Bach Knudsen KE, Laerke HN, Hedemann MS, Nielsen TS, Ingerslev AK, Gundelund Nielsen DS, Theil PK, Purup S, Hald S, Schioldan AG, Marco ML, Gregersen S, Hermansen K: Impact of Diet-Modulated Butyrate Production on Intestinal Barrier Function and Inflammation. Nutrients 2018, 10(10):10.3390/nu10101499.

Gurav A, Sivaprakasam S, Bhutia YD, Boettger T, Singh N, Ganapathy V: Slc5a8, a Na+-coupled high-affinity transporter for short-chain fatty acids, is a conditional tumour suppressor in colon that protects against colitis and colon cancer under low-fibre dietary conditions. Biochem J 2015, 469(2):267-278.

126. McMurdie PJ, Stoeva MK, Justice N, Nemchek M, Sieber CMK, Tyagi S, Gines J, Skennerton CT, Souza M, Kolterman O, Eid J: Increased circulating butyrate and ursodeoxycholate during probiotic intervention in humans with type 2 diabetes. BMC Microbiol 2022, 22(1):19-021-02415-8.
127. Please add the analysis of the association between change of stool metabolites and change of the symptoms of major depressive disorder. This reviewer thinks that the data of (stool) metabolites, which were associated with change of the symptoms of major depressive disorder, are worth presenting in this journal.

Thank you for your suggestions. We analyzed the correlations of HAMD and BDI with stool metabolites. Although HAMD and BDI-II show the strongest correlations, the correlations between metabolites and HAMD and differences in HAMD between baseline and intervention samples, respectively, were weak. We added a summarizing statement to the revised version of the manuscript and the figures to the supplementary materials.

Figure S11. Top 25 Correlations coefficients of metabolites (normalized concentrations) with the HAMD.

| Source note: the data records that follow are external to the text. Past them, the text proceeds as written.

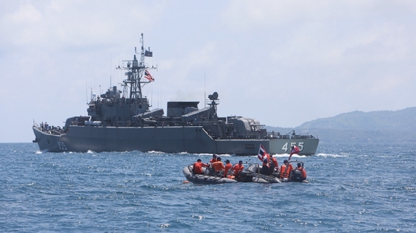 兩艘載有127名中國游客的船只在泰國當?shù)貢r間7月5日返回普吉島途中,突遇特大暴風雨發(fā)生傾覆。新華社記者秦晴攝 7月7日,在泰國普吉,救援人員在游船傾覆附近的海域進行搜救。
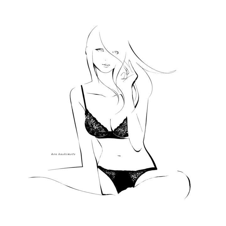 シンプル/ファッション/モノクロ/人物/女性/線画/美容
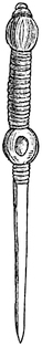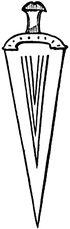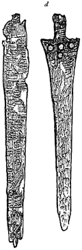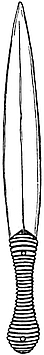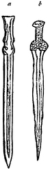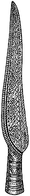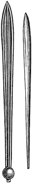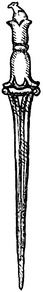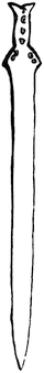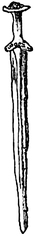 The bronze Swords of the ancient Britons are of two kinds: the leaf-blade and the Rapier, both well cast. The total length of the former is about two feet, the extremes being sixteen inches to thirty, and in rare cases more. The blades are uniformly rounded, but with the part next the edge slightly drawn down so as to form a shallow fluting. The breadth appears greatest at the third near the point, and this would add to the facility of unsheathing. In almost all cases they are strengthened by a rounded mid-rib more or less bold; or they show ridges, with and without beading, or parallel lines that run along the whole blade or the greater part near the edges. Some combine mid-rib and ridges. The shoulders are either 278plain, notched, or flanged. In rare instances the outer part of the hilt is of bronze: Dr. Evans engraves[1034] a specimen of this kind. The total length of the weapon is twenty-one inches, of which the globular pommel and the grip, made for a large hand, occupy five. The hilt has the appearance of being cast upon the blade: it seems to have been formed of bronze of the same character, and there are no rivets by which the two castings could be attached. The shallow crescent, whose hollow faces the mid-rib (fig. 293), is a characteristic feature, and endures for ages in the northern bronzes.

Figure S12. Top 25 Correlations coefficients of metabolites (normalized concentrations) with the HAMD difference between baseline and intervention samples.

Round 2

Reviewer 3 Report

The content itself was summarized well. However, the main result of this study was that the probiotics change the metabolites in stool through changing microbiota. This reviwer thinks that this study lacks novelty.